Parent Comcast posted a significant jump in earnings with earnings per share of $ 0.71, up 54% year over year, on revenue of $ 27.5 billion, up 2.5%, according to Wall’s estimates Street surpassed. The stock rose 2.7% in early trading.
In short, the sprawling conglom saw a high-speed internet bonanza but lost video subscribers on the cable side. At NBCU, Covid theme park and theater revenues were dismal but improved for obvious reasons, but lower costs increased studio profits. Media segment revenue increased, but earnings declined slightly – in part due to Peacock-driven production and programming costs.
“We’ve been very encouraging to Peacock so far,” the company said, adding to its earnings call that usage has doubled its forecasts. With 380,000 customers and 33.5 million customers, the company also achieved the best result in the first quarter of all customer relationships. There were 461,000 high-speed Internet customers.
The company’s studio division has been hampered by the pandemic that restricted cinema operations and shut down some film productions. Studio revenue declined 0.6% to $ 2.4 billion in the first quarter of 2021, primarily due to lower theater revenue. Theatrical sales decreased 87.7% due to the postponement of theatrical releases, theater closings and capacity constraints.
Most of the parks have been operational again since Universal Studios Hollywood reopened on April 16. However, the division still had a massive hit in the final quarter: sales fell 33% and EBITDA (operating profit) fell 170%.
Cable Communications, by far Comcast’s largest segment, saw revenue jump 5.9% to $ 15.8 billion in the first quarter, driven by higher broadband, wireless, corporate services and advertising revenues. The total number of customer relationships increased by 380,000 to 33.5 million – although this was 491,000 net video subscribers according to the industry trend.
NBCUniversal’s revenue decreased 9% to $ 7 billion and operating income decreased 12% to $ 1.5 billion. The studios’ turnover declined slightly to USD 2.4 billion (minus 0.6%). Lower theater revenues were partially offset by content licensing. Theater revenues fell by almost 90% as films were pushed back because cinemas were either still closed or operated at reduced capacity due to Covid. Content licensing revenue increased 14%.

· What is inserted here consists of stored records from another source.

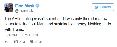 馬斯克表示,雖然自己確實不太喜歡特朗普這種大嘴巴,但他們只是在會議上討論火星問題和可持續新能源的發展和建設問題。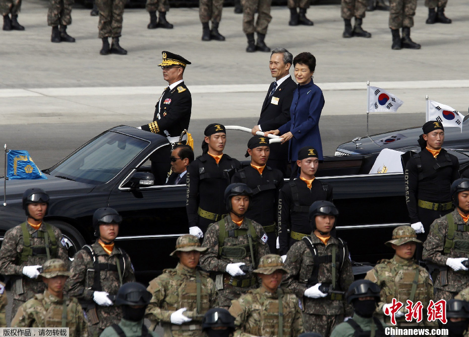 韩国建军65周年纪念仪式10月1日在城南首尔机场举行,有1.1万名兵力、190余辆地面装备和120架飞机参加,创下了自2003年以来的最大规模。韩国总统朴槿惠和美国国防部部长哈格尔等出席了活动。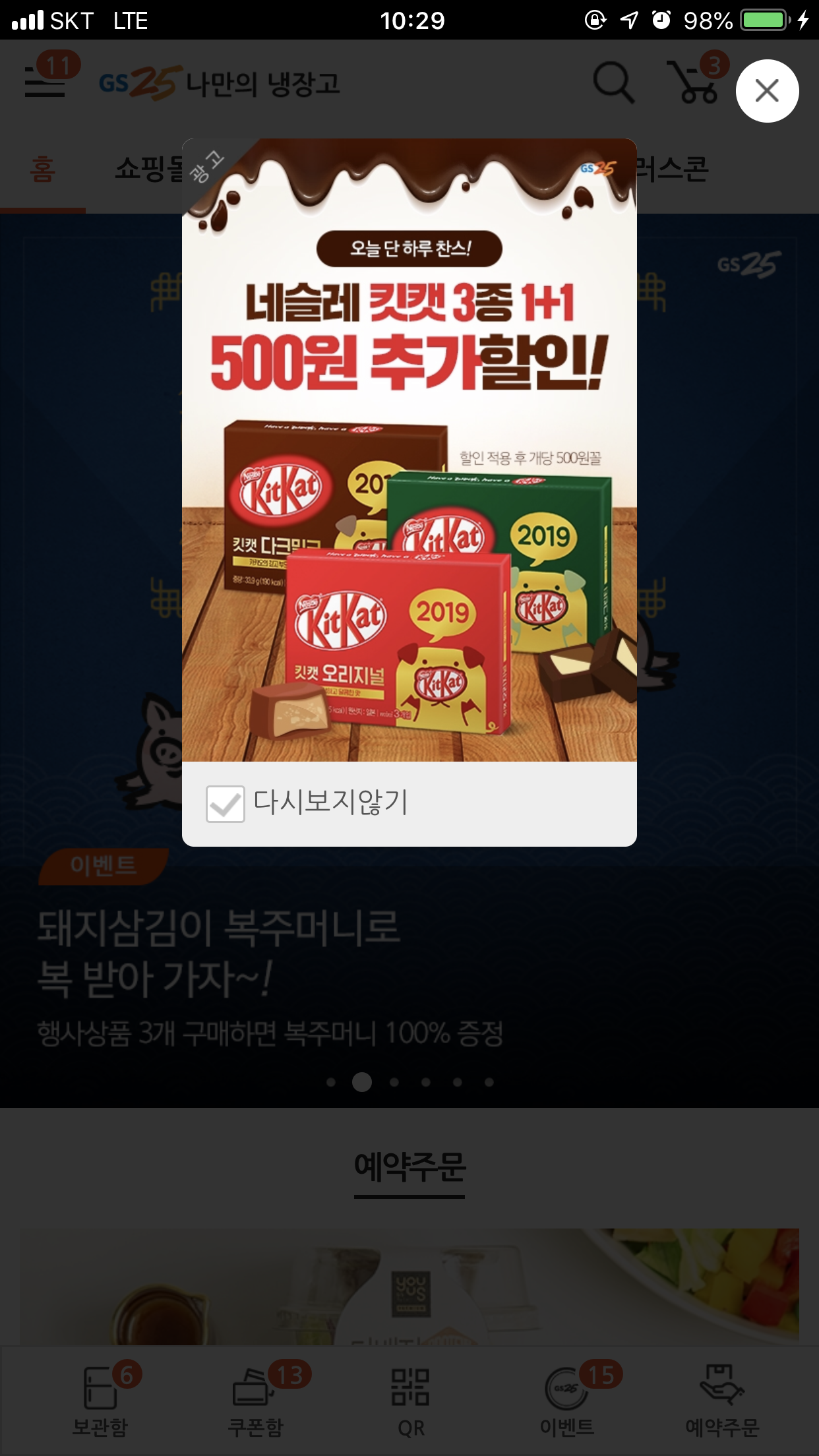나만의냉장고 어플 제일 위에 Gs25나만의냉장고 눌르면 메인으로 가는데 그때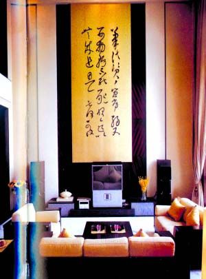 心理學(xué)研究表明,垂掛式裝飾特別是形體修長(zhǎng)的元素容易給人靜謐的感覺(jué)。因此,可在居室中適當(dāng)運(yùn)用垂掛式裝飾。在客廳或書(shū)房墻壁懸掛一兩幅內(nèi)容簡(jiǎn)潔的中式條幅字畫(huà),不僅能增加居室的雅致氛圍,還能讓人不自覺(jué)地安靜下來(lái)。在陽(yáng)臺(tái)上懸掛風(fēng)鈴等小小掛件,偶爾隨風(fēng)輕擺,悅耳的鈴聲也能讓人神思悠遠(yuǎn)。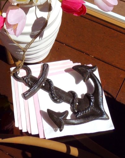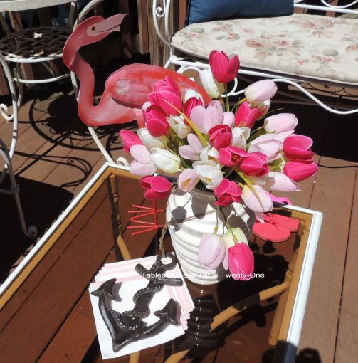 On the other end of the coffee table are a white ceramic vase overflowing with pink and white tulips and a stack of alternating pink & white cocktail napkins literally anchored to keep them from blowing away in the summer breeze.

The studio’s operating profit rose 66% to $ 497, with lower revenues more than offset by lower operating costs. This means much less spending on advertising, marketing, and promotions because so few films have been released in theaters.
Total media revenue increased 3.2% to $ 5 billion. Earnings were down 3.7% to $ 1.5, driven by higher programming and production costs mainly driven by the content write-off at Peacock.
Sky’s revenue increased 10.6% to $ 5 billion. Profit decreased by almost 40% due to higher programming and production costs –
This reflects higher costs for sports programs with more events. There were also higher costs related to the growth of Sky’s wireless and broadband businesses.